(Source data)
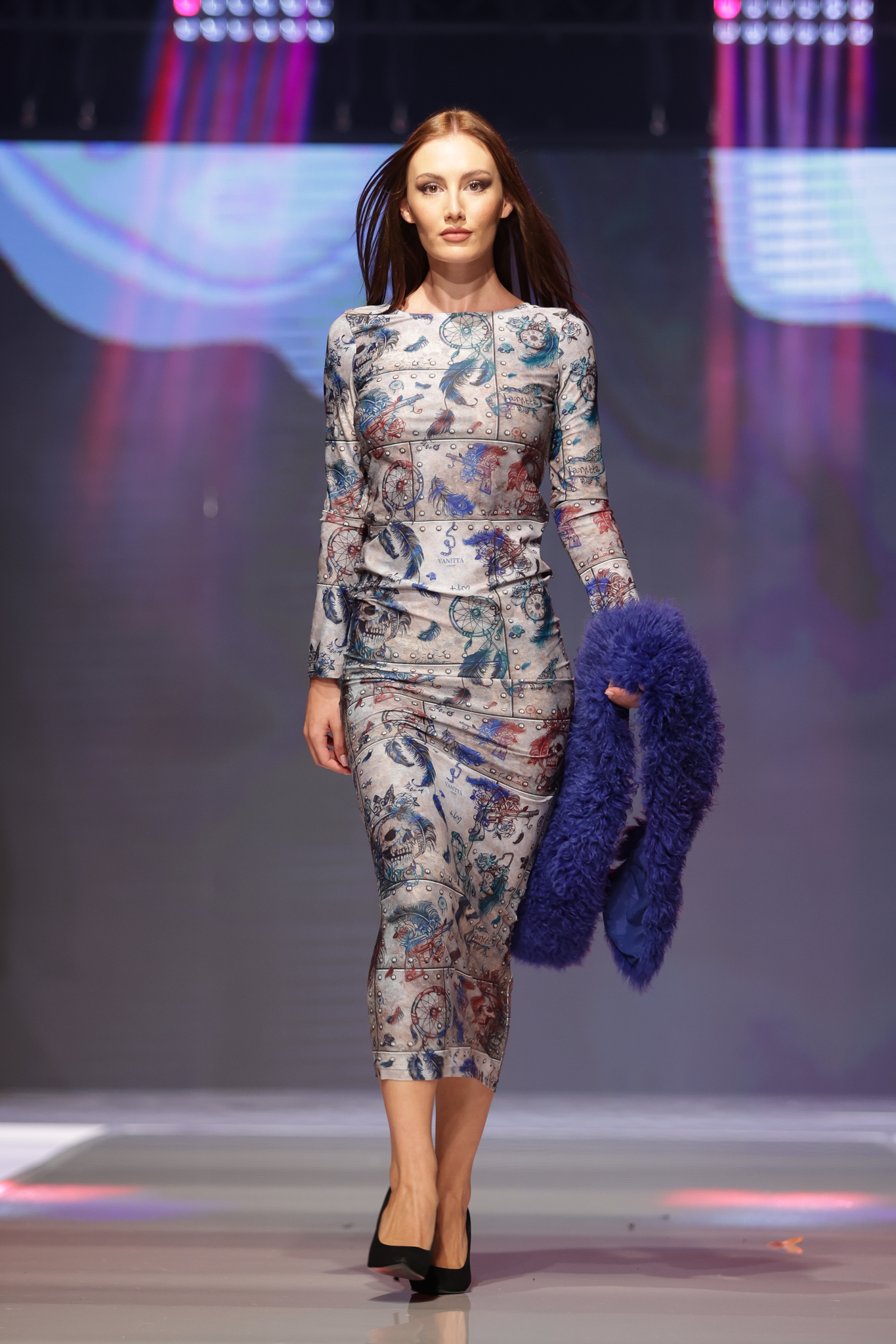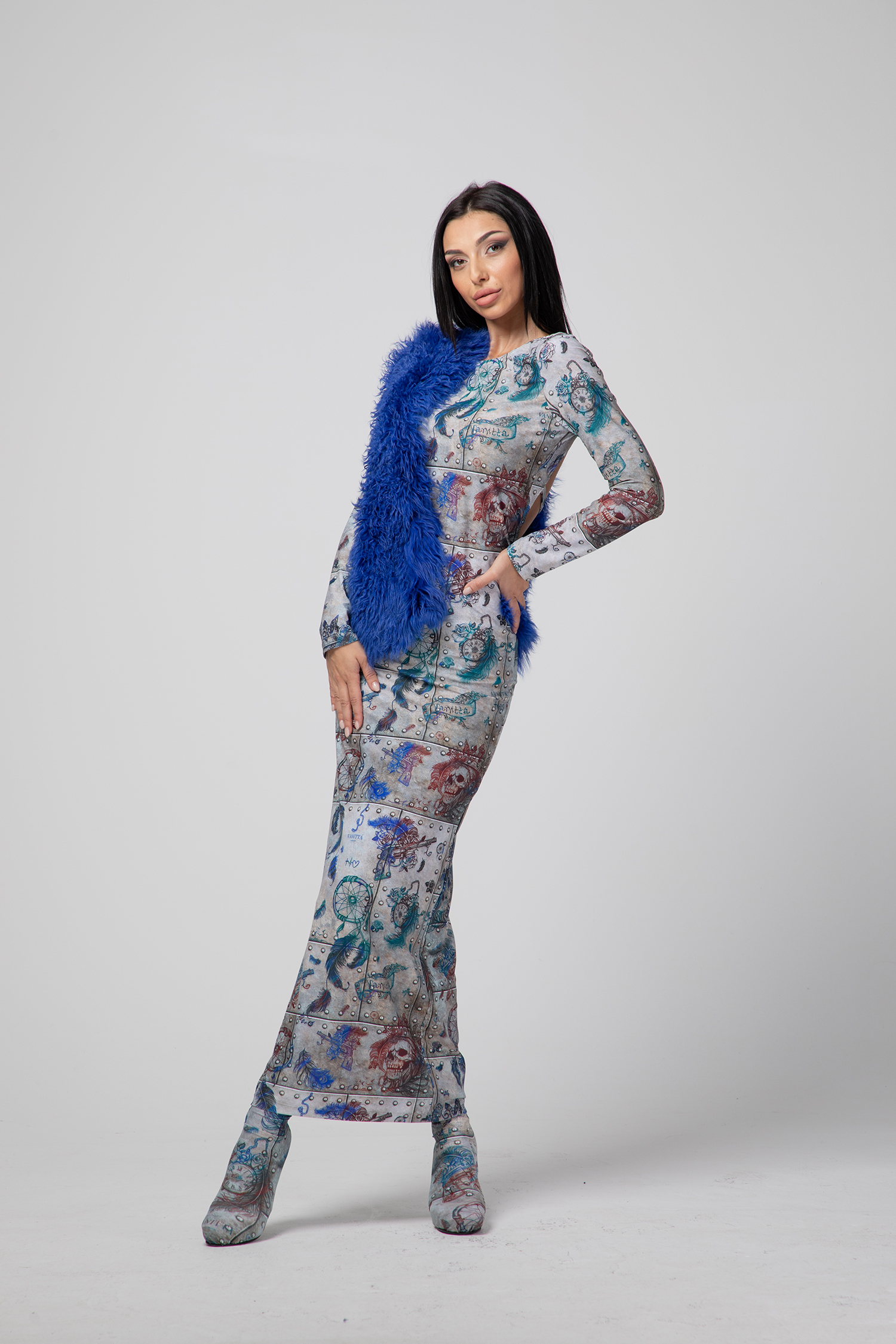 Изящна и красива, сексапила и стилна, рокля изработена за да подчертае женската красота и изящество. Роклята е изработена от авторски десен, фино трико с еластан.
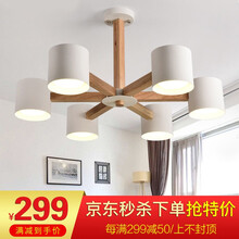 HD照明 LED轻奢灯北欧吊灯客厅灯现代简约餐厅卧室分子魔豆灯具套餐木艺吊灯办公室艺术吧台大厅灯 木艺6头/60瓦/76*41cm/适10-20平
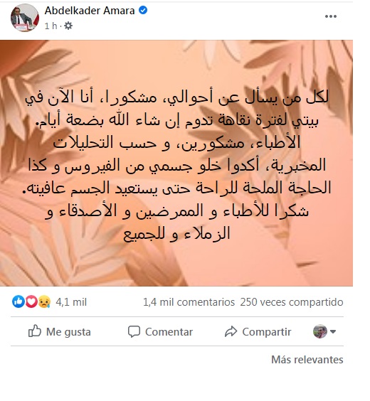 وعبر المسؤول في تدوينة على حسابه بالفايسبوك، اليوم الثلاثاء عن شكره للأطباء والممرضين وكافة أصدقائه وزملائه.
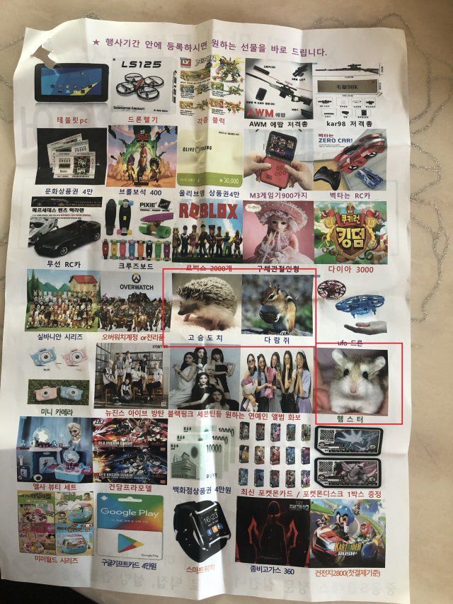 A 씨가 올린 학원 전단에는 드론, 인형 장난감, 연예인 화보 등 학생들이 좋아할 만한 상품들을 증정한다는 내용이 있었다. 상품 목록에는 살아있는 고슴도치, 다람쥐, 햄스터가 포함돼 있었다. 상품 설명 어디에도 피규어나 인형이라는 표현이 없었고 실제 동물들의 모습이었다.
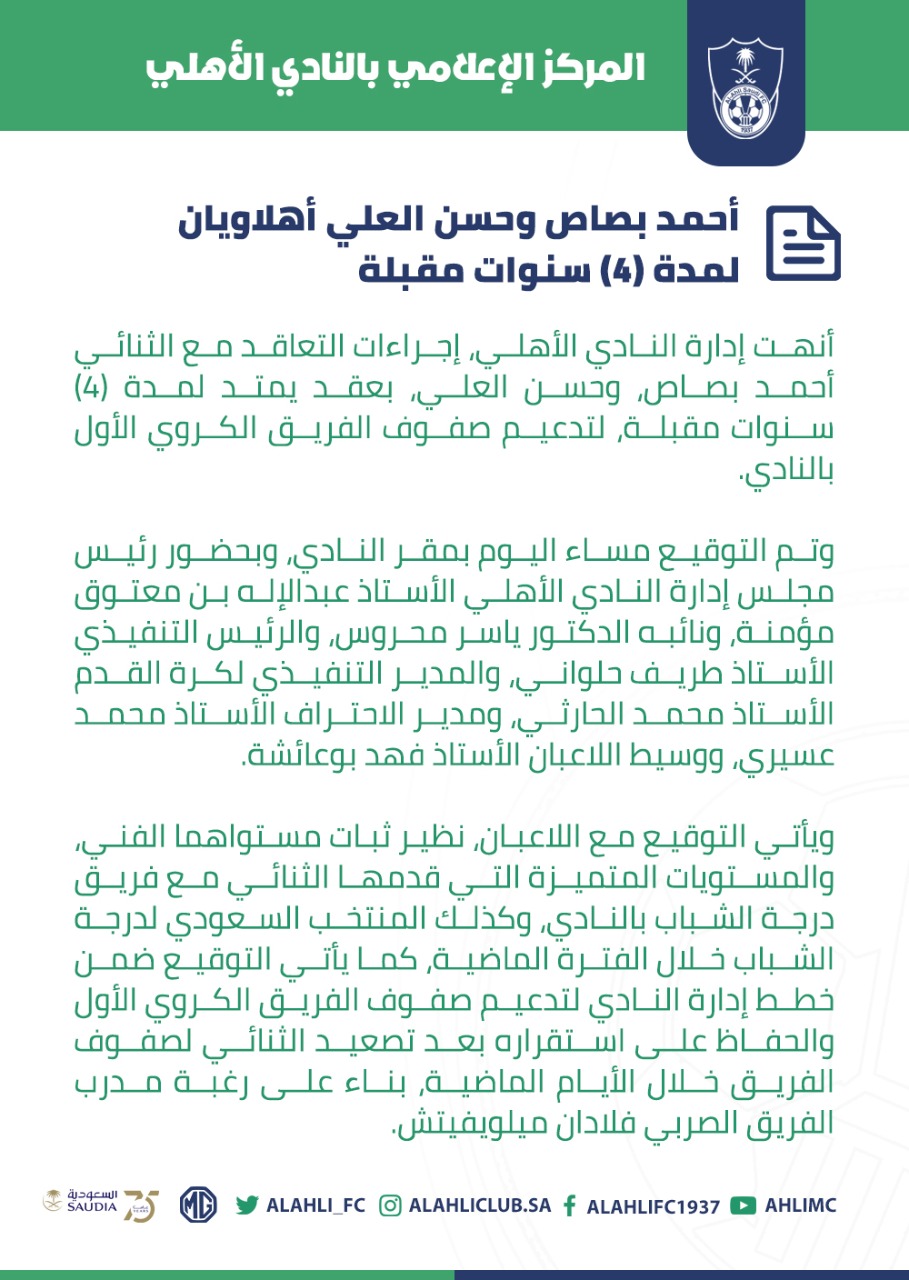 النادي الأهلي السعودي On Twitter أحمد بصاص وحسن العلي أهلاويان لمدة 4 سنوات مقبلة الأهلي
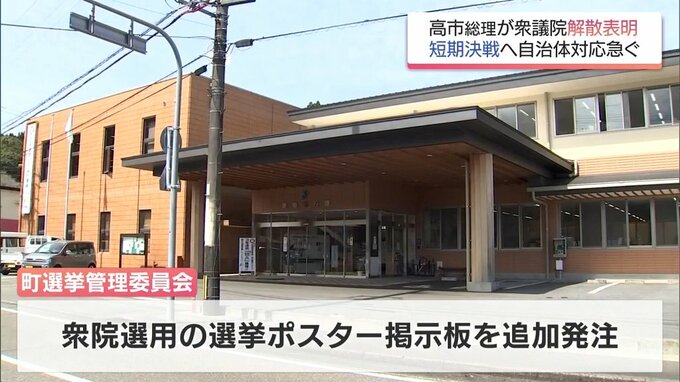 町選挙管理委員会では、衆院選用の選挙ポスター掲示板を追加で発注したほか、町長選・町議選の投票日に衆院選の期日前投票がかぶるなどするため、追加人員の確保にあたっています。
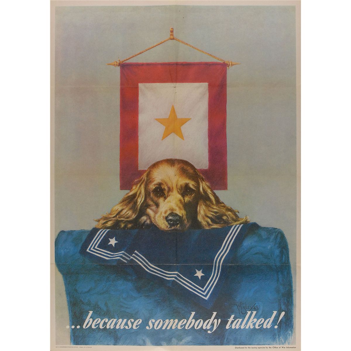 Heartbreaking original color 20 x 28 World War II patriotic poster from 1944, with art done by Wesley Heyman, showing a cocker spaniel in mourning over a lost owner. Printed at the bottom is “U.S. Government Printing Office: 1944-O-579038.” In fine condition, with expected folds, a couple of small wrinkles to right edge, and one small separation at intersection of two of the folds.
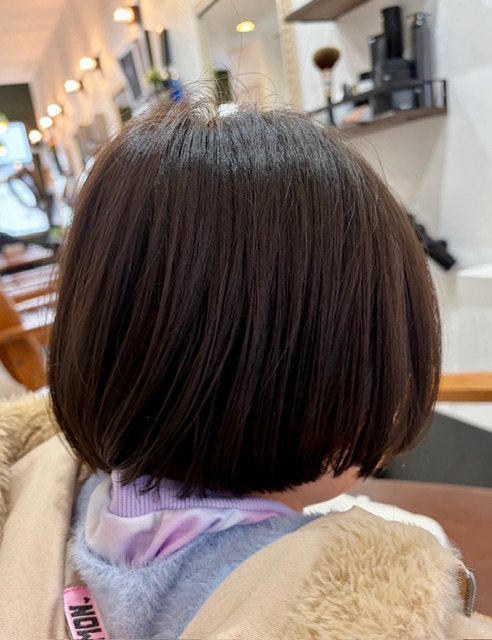 短くカットしました!! 2026/1/16 こんにちはテルソの田中です。 暖かい様な寒い様な寒い様な暖かい様なって感じの気候ですね。 さて先日の小さいゲスト。Hちゃん。 例の如くビフォーは撮ってませんが、ばっさりルーズなレイヤーボブにカットしました。 最初は、ぐずって「切りたくない」と言っていましたが、やっぱり女の子ですね。鏡の前に座ると、笑顔になって、動画も見せながら切らせてくれました。 最後はご満悦な感じで、結果オーライでした。。。
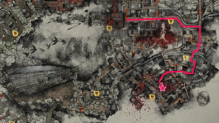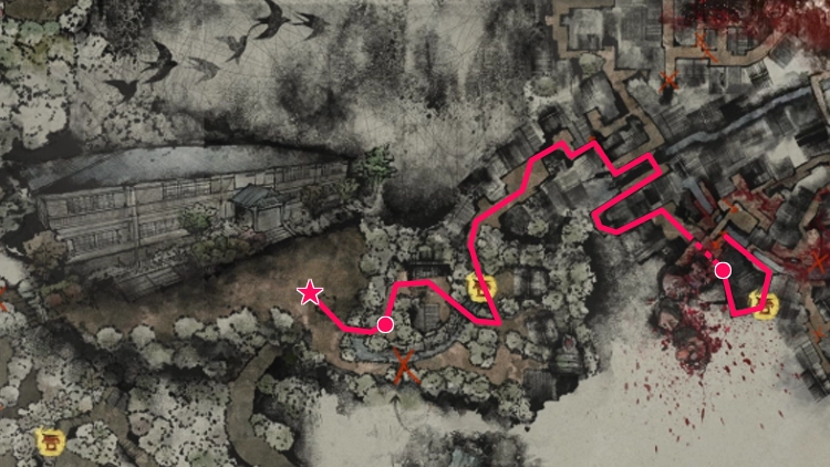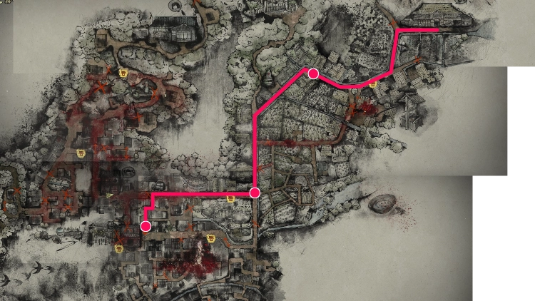 マップ画像の●の位置で、それぞれムービーが発生する。前回の夷ヶ丘と比較して、通れる道に変化はあるが、特筆するような追加の探索要素はないため、最短で千鶴屋へ向かってしまって問題ないだろう。
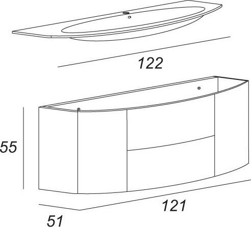 Тумба под раковину Cezares Eden 121 см 54408 с двумя выдвижными ящиками и двумя распашными створками.
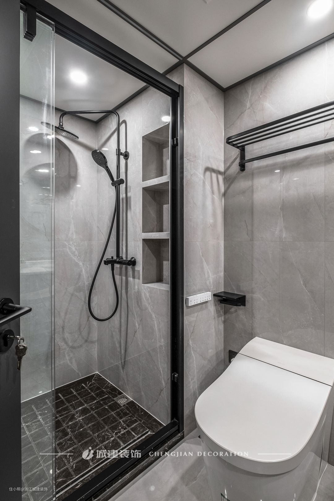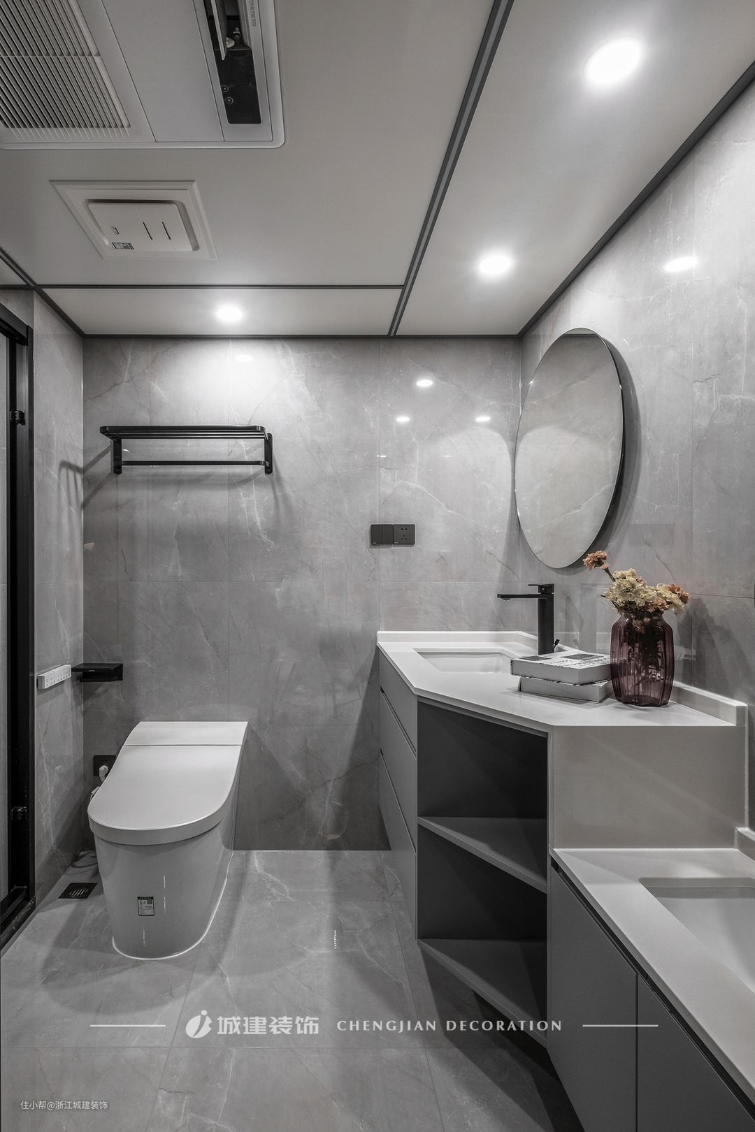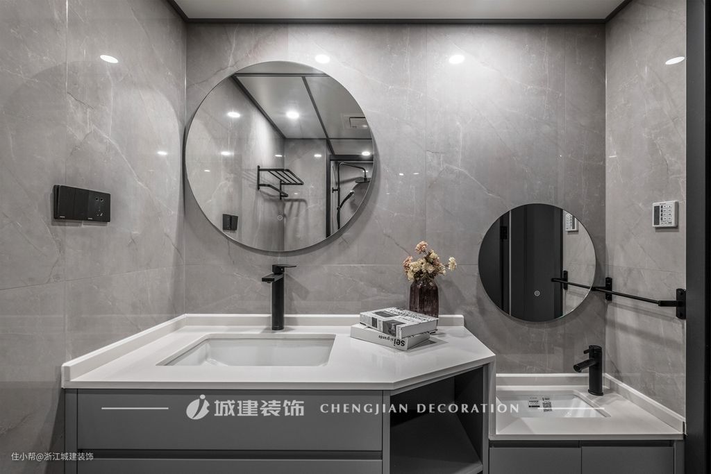 灰色的空间,大气 时尚;定制的高低浴室柜,满足不同需求,增加亲子互动。
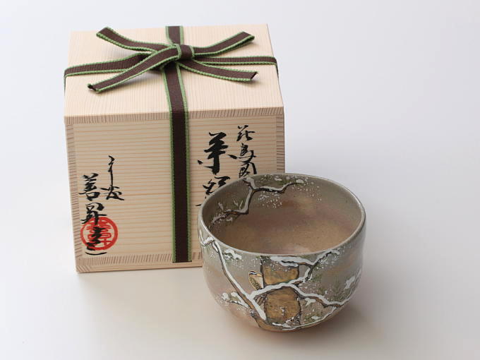 My wife purchased this and gave it to me as a gift(yea, at my suggestion). It is an elegant chawan that is a great contrast to several "wabi-sabi" chawan that I usually use for tea. That contrast is very good for conversation during tea. All of the catalog description is very accurate. I particularly like the way the gold highlights add to the feeling of a sunny, crisp and peaceful morning after a big snowfall. The additional branches on the inside of the chawan really add dimension to design. I find that the shape of the bowl is comfortable in my hands. Two additional things about the chawan that aren't described but are great features. The chawan can "breath" because the foot was not covered with glaze. Lastly, there is a swirl, not just an indentation, in the bottom of the bowl. This swirl is a great "parting gift" when you are finishing a bowl of tea. I think the price is very reasonable for a chawan that has so much work and talent put into it. But, that is my take on it... |
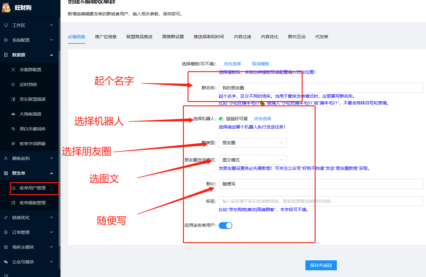 旺财狗-群发单-收单用户管理-新增收单用户-采集云频道数据,如图:

PROBLEM TO SOLVE →
Your answer must be an exact copy of the records above, with every picture left out.

SOLVED EXERCISE →
 Изящна и красива, сексапила и стилна, рокля изработена за да подчертае женската красота и изящество. Роклята е изработена от авторски десен, фино трико с еластан.
 HD照明 LED轻奢灯北欧吊灯客厅灯现代简约餐厅卧室分子魔豆灯具套餐木艺吊灯办公室艺术吧台大厅灯 木艺6头/60瓦/76*41cm/适10-20平
 وعبر المسؤول في تدوينة على حسابه بالفايسبوك، اليوم الثلاثاء عن شكره للأطباء والممرضين وكافة أصدقائه وزملائه.
 A 씨가 올린 학원 전단에는 드론, 인형 장난감, 연예인 화보 등 학생들이 좋아할 만한 상품들을 증정한다는 내용이 있었다. 상품 목록에는 살아있는 고슴도치, 다람쥐, 햄스터가 포함돼 있었다. 상품 설명 어디에도 피규어나 인형이라는 표현이 없었고 실제 동물들의 모습이었다.
 النادي الأهلي السعودي On Twitter أحمد بصاص وحسن العلي أهلاويان لمدة 4 سنوات مقبلة الأهلي
 町選挙管理委員会では、衆院選用の選挙ポスター掲示板を追加で発注したほか、町長選・町議選の投票日に衆院選の期日前投票がかぶるなどするため、追加人員の確保にあたっています。
 Heartbreaking original color 20 x 28 World War II patriotic poster from 1944, with art done by Wesley Heyman, showing a cocker spaniel in mourning over a lost owner. Printed at the bottom is “U.S. Government Printing Office: 1944-O-579038.” In fine condition, with expected folds, a couple of small wrinkles to right edge, and one small separation at intersection of two of the folds.
 短くカットしました!! 2026/1/16 こんにちはテルソの田中です。 暖かい様な寒い様な寒い様な暖かい様なって感じの気候ですね。 さて先日の小さいゲスト。Hちゃん。 例の如くビフォーは撮ってませんが、ばっさりルーズなレイヤーボブにカットしました。 最初は、ぐずって「切りたくない」と言っていましたが、やっぱり女の子ですね。鏡の前に座ると、笑顔になって、動画も見せながら切らせてくれました。 最後はご満悦な感じで、結果オーライでした。。。
 マップ画像の●の位置で、それぞれムービーが発生する。前回の夷ヶ丘と比較して、通れる道に変化はあるが、特筆するような追加の探索要素はないため、最短で千鶴屋へ向かってしまって問題ないだろう。
 Тумба под раковину Cezares Eden 121 см 54408 с двумя выдвижными ящиками и двумя распашными створками.
 灰色的空间,大气 时尚;定制的高低浴室柜,满足不同需求,增加亲子互动。
 My wife purchased this and gave it to me as a gift(yea, at my suggestion). It is an elegant chawan that is a great contrast to several "wabi-sabi" chawan that I usually use for tea. That contrast is very good for conversation during tea. All of the catalog description is very accurate. I particularly like the way the gold highlights add to the feeling of a sunny, crisp and peaceful morning after a big snowfall. The additional branches on the inside of the chawan really add dimension to design. I find that the shape of the bowl is comfortable in my hands. Two additional things about the chawan that aren't described but are great features. The chawan can "breath" because the foot was not covered with glaze. Lastly, there is a swirl, not just an indentation, in the bottom of the bowl. This swirl is a great "parting gift" when you are finishing a bowl of tea. I think the price is very reasonable for a chawan that has so much work and talent put into it. But, that is my take on it... |
 旺财狗-群发单-收单用户管理-新增收单用户-采集云频道数据,如图:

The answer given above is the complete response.